Information supplied: Begin
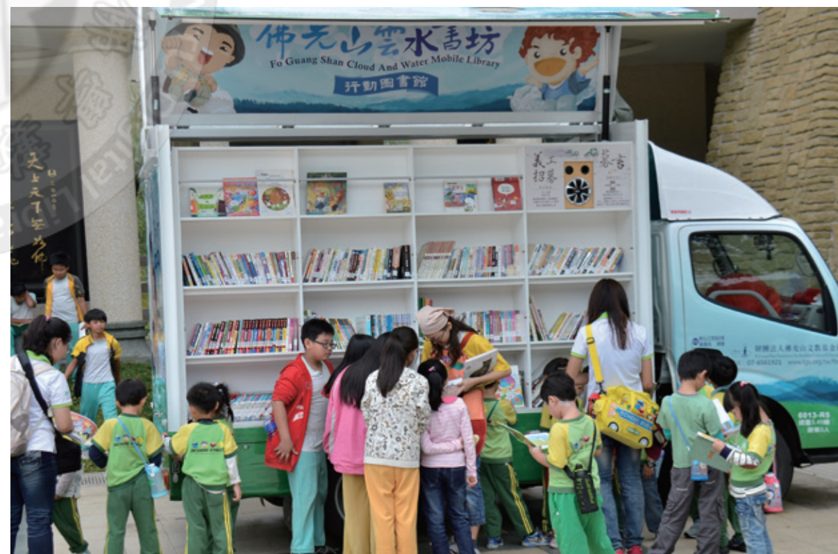
說故事媽媽所到之處總是受到學童的包圍

9月14日至22日一連九天的佛光山 2013 國際書展，願讀者能收穫滿滿，福慧雙全。
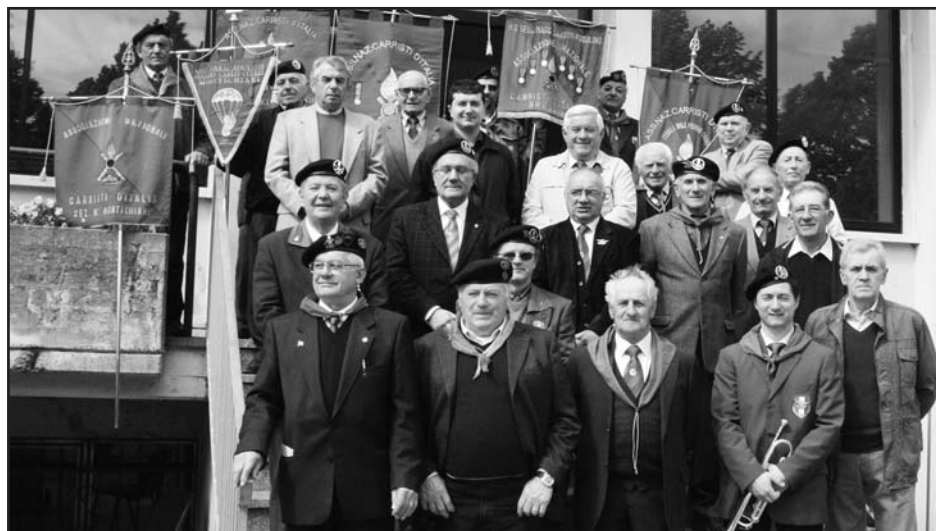
I partecipanti al raduno all'uscita del Ritrovo S. Francesco.
Information supplied: End
The problem:
No pictures belong in the copy. Retype exactly, and only, the lines from the line containing "9月14日至22日一連九天的佛光山 2013 國際書展，願讀者能收穫滿滿，福慧雙全。" through the last line of the data, both included.

Result:
9月14日至22日一連九天的佛光山 2013 國際書展，願讀者能收穫滿滿，福慧雙全。
I partecipanti al raduno all'uscita del Ritrovo S. Francesco.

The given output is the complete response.